Data records →
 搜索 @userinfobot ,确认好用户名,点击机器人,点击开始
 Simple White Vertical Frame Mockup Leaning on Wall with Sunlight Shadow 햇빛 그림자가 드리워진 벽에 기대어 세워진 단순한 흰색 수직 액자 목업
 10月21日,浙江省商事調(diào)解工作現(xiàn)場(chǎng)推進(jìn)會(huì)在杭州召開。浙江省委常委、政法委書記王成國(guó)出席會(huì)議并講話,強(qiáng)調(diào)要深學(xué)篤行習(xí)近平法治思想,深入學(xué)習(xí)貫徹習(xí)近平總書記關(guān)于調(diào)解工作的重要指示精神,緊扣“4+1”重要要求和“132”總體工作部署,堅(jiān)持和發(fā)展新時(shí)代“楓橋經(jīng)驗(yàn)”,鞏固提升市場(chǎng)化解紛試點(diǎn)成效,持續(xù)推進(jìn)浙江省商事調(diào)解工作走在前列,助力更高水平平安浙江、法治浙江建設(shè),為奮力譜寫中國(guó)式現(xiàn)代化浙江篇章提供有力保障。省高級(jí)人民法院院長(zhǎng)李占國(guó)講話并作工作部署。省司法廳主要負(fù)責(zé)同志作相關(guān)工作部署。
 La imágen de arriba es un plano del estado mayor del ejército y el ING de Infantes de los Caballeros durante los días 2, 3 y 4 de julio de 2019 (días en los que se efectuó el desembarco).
* * *
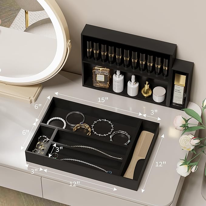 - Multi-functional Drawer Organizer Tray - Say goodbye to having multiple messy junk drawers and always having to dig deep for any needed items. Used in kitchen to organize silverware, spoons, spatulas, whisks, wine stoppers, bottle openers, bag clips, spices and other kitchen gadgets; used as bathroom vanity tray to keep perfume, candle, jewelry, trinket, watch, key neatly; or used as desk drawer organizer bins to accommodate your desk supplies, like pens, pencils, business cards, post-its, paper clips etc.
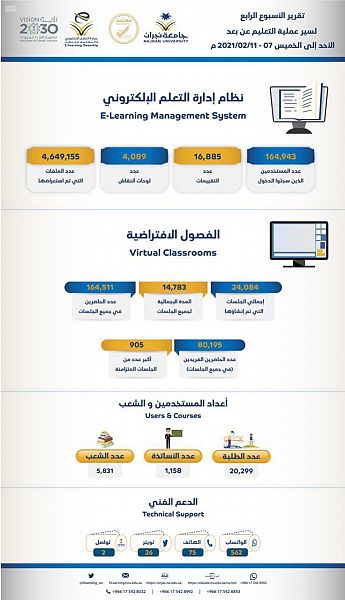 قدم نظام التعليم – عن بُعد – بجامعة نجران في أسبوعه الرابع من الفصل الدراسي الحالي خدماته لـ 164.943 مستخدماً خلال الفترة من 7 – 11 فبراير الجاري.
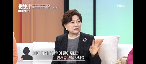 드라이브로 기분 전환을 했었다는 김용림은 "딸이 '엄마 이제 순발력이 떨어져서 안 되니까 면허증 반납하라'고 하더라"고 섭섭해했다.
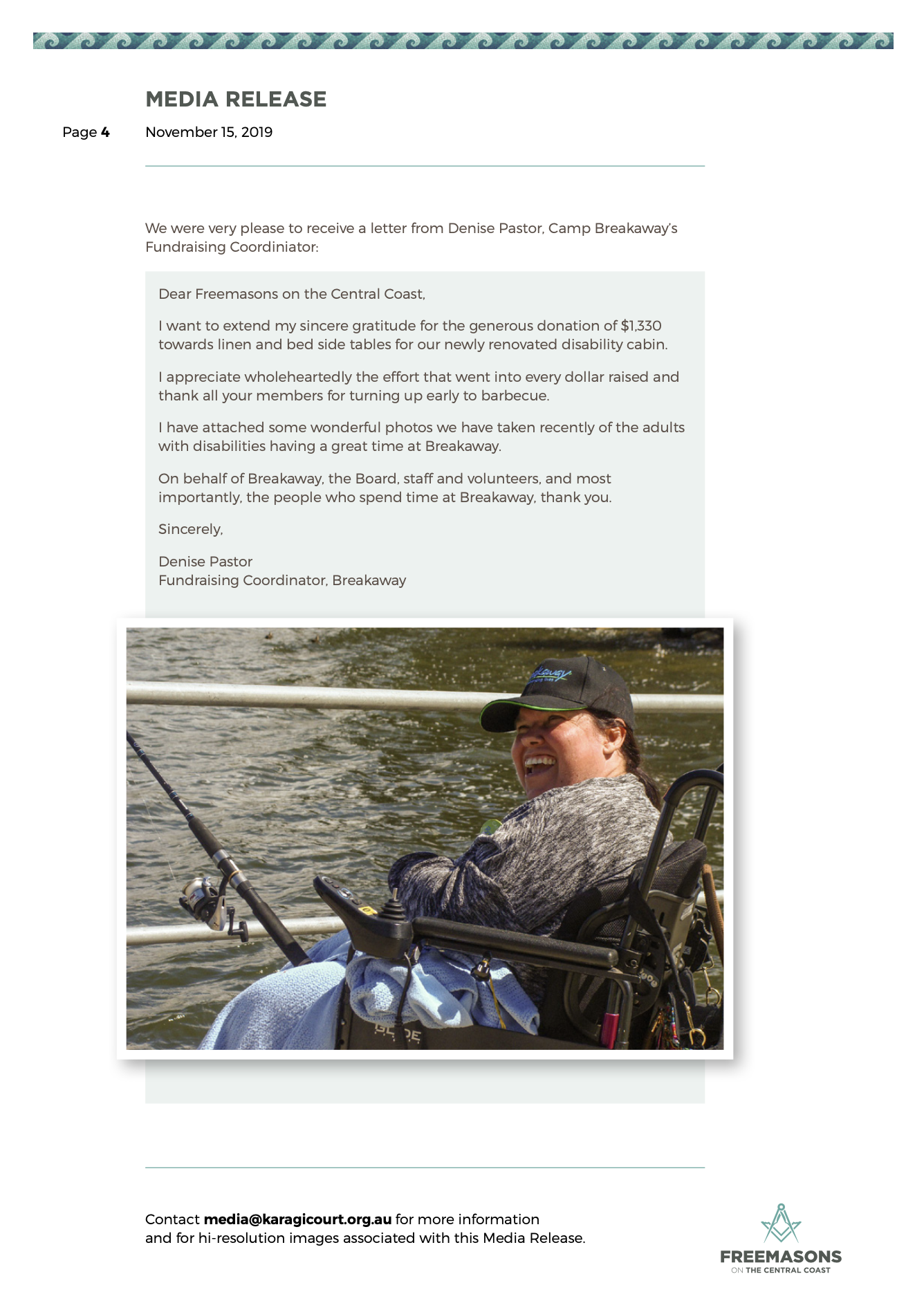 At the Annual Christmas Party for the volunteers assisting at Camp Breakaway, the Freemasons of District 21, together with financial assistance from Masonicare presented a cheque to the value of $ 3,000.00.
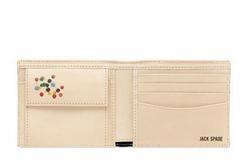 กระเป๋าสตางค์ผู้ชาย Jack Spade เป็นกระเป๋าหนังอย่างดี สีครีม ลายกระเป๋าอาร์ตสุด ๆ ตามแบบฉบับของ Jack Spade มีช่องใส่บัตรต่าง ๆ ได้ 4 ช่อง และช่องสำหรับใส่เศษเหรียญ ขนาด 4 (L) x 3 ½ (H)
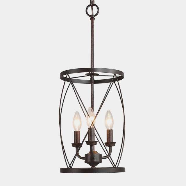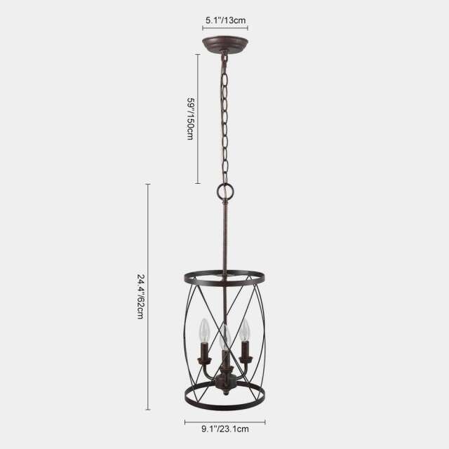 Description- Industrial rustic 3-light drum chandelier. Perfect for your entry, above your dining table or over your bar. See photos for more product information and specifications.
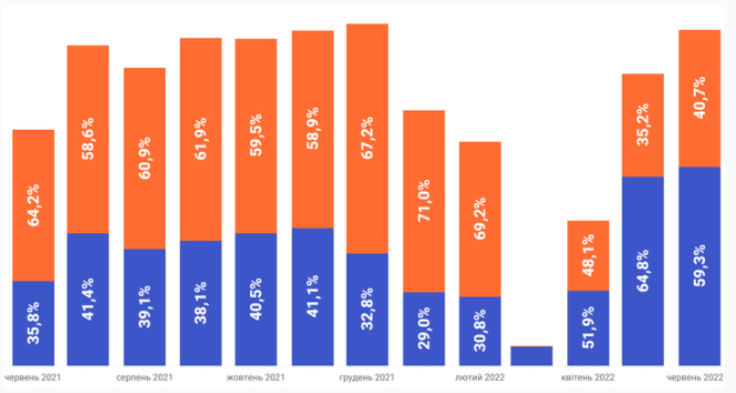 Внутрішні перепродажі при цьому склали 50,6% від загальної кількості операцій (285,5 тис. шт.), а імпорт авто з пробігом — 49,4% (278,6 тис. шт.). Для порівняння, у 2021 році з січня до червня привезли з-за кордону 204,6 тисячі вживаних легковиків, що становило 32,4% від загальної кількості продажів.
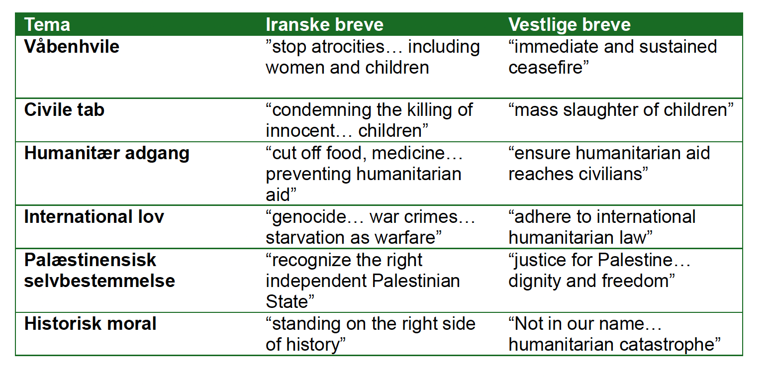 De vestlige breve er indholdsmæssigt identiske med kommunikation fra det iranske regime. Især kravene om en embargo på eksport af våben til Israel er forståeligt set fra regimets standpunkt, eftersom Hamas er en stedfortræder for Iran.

Task statement → In the data above, the stretch from the line with "กระเป๋าสตางค์ผู้ชาย Jack Spade" through the line with "Description- Industrial rustic" is to be returned exactly, minus any pictures.

Exercise solution →
 กระเป๋าสตางค์ผู้ชาย Jack Spade เป็นกระเป๋าหนังอย่างดี สีครีม ลายกระเป๋าอาร์ตสุด ๆ ตามแบบฉบับของ Jack Spade มีช่องใส่บัตรต่าง ๆ ได้ 4 ช่อง และช่องสำหรับใส่เศษเหรียญ ขนาด 4 (L) x 3 ½ (H)
 Description- Industrial rustic 3-light drum chandelier. Perfect for your entry, above your dining table or over your bar. See photos for more product information and specifications.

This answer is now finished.